▸ PROVIDED MATERIAL:
Start of Block

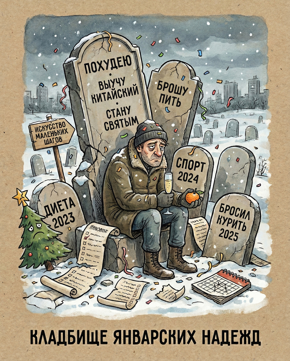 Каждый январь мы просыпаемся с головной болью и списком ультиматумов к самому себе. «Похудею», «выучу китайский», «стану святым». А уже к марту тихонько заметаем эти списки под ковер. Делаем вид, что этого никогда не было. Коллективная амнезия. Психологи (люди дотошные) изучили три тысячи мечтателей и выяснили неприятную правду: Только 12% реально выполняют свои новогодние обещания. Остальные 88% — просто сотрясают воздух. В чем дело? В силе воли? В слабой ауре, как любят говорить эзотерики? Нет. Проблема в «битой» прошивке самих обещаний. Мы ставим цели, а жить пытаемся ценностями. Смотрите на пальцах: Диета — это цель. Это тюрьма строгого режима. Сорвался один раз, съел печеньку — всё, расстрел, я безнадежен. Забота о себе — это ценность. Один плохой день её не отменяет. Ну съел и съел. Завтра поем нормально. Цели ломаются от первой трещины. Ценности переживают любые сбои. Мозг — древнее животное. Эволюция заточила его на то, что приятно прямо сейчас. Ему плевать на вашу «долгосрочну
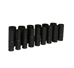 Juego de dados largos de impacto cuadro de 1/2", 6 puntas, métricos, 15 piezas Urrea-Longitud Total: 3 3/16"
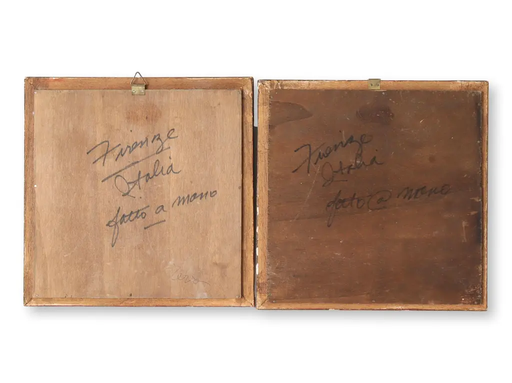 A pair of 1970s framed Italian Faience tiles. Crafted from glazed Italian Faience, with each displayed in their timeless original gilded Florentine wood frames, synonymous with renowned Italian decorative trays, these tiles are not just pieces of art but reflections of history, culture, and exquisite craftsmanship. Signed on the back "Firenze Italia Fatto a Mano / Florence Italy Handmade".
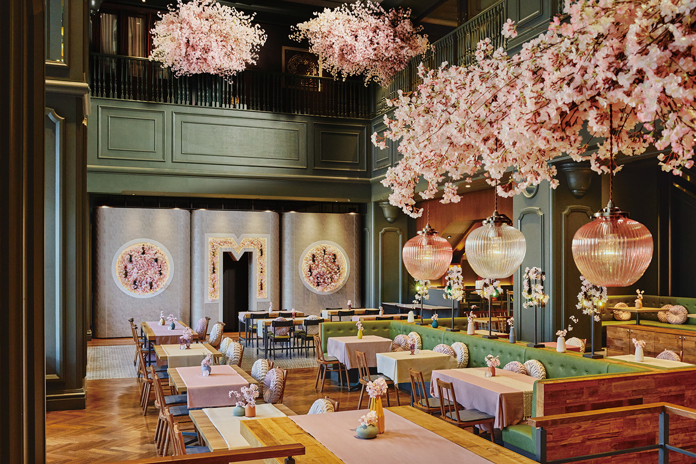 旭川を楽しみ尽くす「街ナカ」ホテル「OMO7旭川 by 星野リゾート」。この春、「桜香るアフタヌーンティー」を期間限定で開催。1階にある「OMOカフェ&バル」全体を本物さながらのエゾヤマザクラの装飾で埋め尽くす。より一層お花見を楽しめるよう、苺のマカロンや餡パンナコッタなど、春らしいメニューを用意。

End of Block
Start of Block

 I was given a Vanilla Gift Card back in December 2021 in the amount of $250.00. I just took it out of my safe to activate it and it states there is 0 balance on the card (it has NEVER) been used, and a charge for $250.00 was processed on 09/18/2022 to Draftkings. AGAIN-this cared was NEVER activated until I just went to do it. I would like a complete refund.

End of Block
Start of Block

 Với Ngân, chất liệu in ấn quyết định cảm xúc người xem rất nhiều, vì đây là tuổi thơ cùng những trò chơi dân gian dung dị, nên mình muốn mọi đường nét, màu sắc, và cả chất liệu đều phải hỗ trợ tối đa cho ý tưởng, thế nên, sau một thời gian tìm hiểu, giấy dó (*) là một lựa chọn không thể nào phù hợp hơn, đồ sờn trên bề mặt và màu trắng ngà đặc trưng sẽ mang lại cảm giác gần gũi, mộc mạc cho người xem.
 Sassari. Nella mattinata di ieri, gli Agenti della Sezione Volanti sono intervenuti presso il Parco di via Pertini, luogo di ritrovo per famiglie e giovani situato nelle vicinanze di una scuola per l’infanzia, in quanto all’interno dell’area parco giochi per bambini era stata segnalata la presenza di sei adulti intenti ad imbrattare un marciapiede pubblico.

End of Block

▸ TASK REQUIREMENTS: Output exactly the lines of the listing above that start with the one holding "Каждый январь мы" and go on through the one holding "A pair of 1970s"; leave the pictures out.

▸ ANSWER SPACE:
 Каждый январь мы просыпаемся с головной болью и списком ультиматумов к самому себе. «Похудею», «выучу китайский», «стану святым». А уже к марту тихонько заметаем эти списки под ковер. Делаем вид, что этого никогда не было. Коллективная амнезия. Психологи (люди дотошные) изучили три тысячи мечтателей и выяснили неприятную правду: Только 12% реально выполняют свои новогодние обещания. Остальные 88% — просто сотрясают воздух. В чем дело? В силе воли? В слабой ауре, как любят говорить эзотерики? Нет. Проблема в «битой» прошивке самих обещаний. Мы ставим цели, а жить пытаемся ценностями. Смотрите на пальцах: Диета — это цель. Это тюрьма строгого режима. Сорвался один раз, съел печеньку — всё, расстрел, я безнадежен. Забота о себе — это ценность. Один плохой день её не отменяет. Ну съел и съел. Завтра поем нормально. Цели ломаются от первой трещины. Ценности переживают любые сбои. Мозг — древнее животное. Эволюция заточила его на то, что приятно прямо сейчас. Ему плевать на вашу «долгосрочну
 Juego de dados largos de impacto cuadro de 1/2", 6 puntas, métricos, 15 piezas Urrea-Longitud Total: 3 3/16"
 A pair of 1970s framed Italian Faience tiles. Crafted from glazed Italian Faience, with each displayed in their timeless original gilded Florentine wood frames, synonymous with renowned Italian decorative trays, these tiles are not just pieces of art but reflections of history, culture, and exquisite craftsmanship. Signed on the back "Firenze Italia Fatto a Mano / Florence Italy Handmade".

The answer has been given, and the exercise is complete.